Моя земля, думал барон Кервол.
Это не совсем болезнь. Похоже на болезнь, но не болезнь. Это что-то полегче. Такое легкое, что назови его — оно и развеется.
— Однажды, когда она была еще маленькой, явился к нам один нищий.
Явился — и затянул колыбельную. Спугнула та колыбельная дрозда — вспорхнул дрозд…
— …спугнула и горлицу — вспорхнула горлица, зашумела крыльями…
— …шорох крыльев, фрр-фрр, как шепот листьев…
— …лет десять назад это было…
— …пролетела горлица за ее окошком — только горлицу и видели; а наша-то вскинула глазки от кукол, сама ни жива ни мертва от страху, прямо с лица спала; сердце у нее захолонуло, того и гляди, душа вон…
— …шорох крыльев, фрр-фрр…
— …того и гляди, душа вон…
— …хотите верьте, хотите нет…
Верили: вырастет — обмогнется. А до поры до времени разостлали по всему дому ковры. И то сказать: она боялась даже звука собственных шагов.
Ковры сплошь белые. Безвредные.

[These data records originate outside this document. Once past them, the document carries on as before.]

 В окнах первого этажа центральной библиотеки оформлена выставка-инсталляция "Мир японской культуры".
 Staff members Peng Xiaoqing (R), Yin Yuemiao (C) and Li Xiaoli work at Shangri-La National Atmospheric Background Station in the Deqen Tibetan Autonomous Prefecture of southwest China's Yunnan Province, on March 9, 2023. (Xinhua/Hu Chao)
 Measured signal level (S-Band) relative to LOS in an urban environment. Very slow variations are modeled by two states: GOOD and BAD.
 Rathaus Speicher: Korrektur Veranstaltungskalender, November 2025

Глухие шаги, глухие цвета.
Парковые дорожки шли кругами, с единственным вызывающим исключением в виде четы извилистых аллей, петлявших на размеренно-плавных, как псалмы, поворотах; так было даже разумнее, ведь при известной чувствительности нетрудно догадаться, что любой тупик грозит обернуться западней, а перекресток — идеальным геометрическим насилием, способным устрашить всякого, кто находится во власти подлинной чувствительности, и уж тем паче ее, не то чтобы обладавшую чувствительной душой, а именно что одержимую неуправляемой душевной чувствительностью, раз и навсегда взорвавшейся в неведомо какой момент ее тайной жизни — маленькой, неискушенной жизни, — а затем дошедшей невидимыми путями до самого сердца, и до глаз, и до рук, и до всего состава ее, словно болезнь, хотя вовсе и не болезнь, а что-то полегче, такое легкое, что назови его — оно и развеется.

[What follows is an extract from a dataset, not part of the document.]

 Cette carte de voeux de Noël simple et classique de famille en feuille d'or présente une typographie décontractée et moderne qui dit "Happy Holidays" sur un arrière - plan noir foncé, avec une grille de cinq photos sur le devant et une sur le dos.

В общем, парковые дорожки шли кругами.
Не следует забывать и о случае с Эделем Тратом. По шелкоткацкой части ему не было равных во всем крае. И вот как-то раз призывает его к себе барон. А на дворе зима, снегу навалило — ребятишек с головой укрывает; морозы стоят лютые; доехать до барона— сущий ад: лошадь запарилась, копыта в снегу тонут, сани вязнут; эдак и окочуриться недолго, не будь я Эделем Тратом; самое обидное, что даже не узнаешь, на кой черт барону приспичило меня видеть…
— Что ты видишь, Эдель?
Барон стоит в детской, против длинной глухой стены, и говорит тихим, по старинке вкрадчивым голосом:
— Что ты видишь?
Добротная бургундская ткань, обычный пейзаж, отменная работа.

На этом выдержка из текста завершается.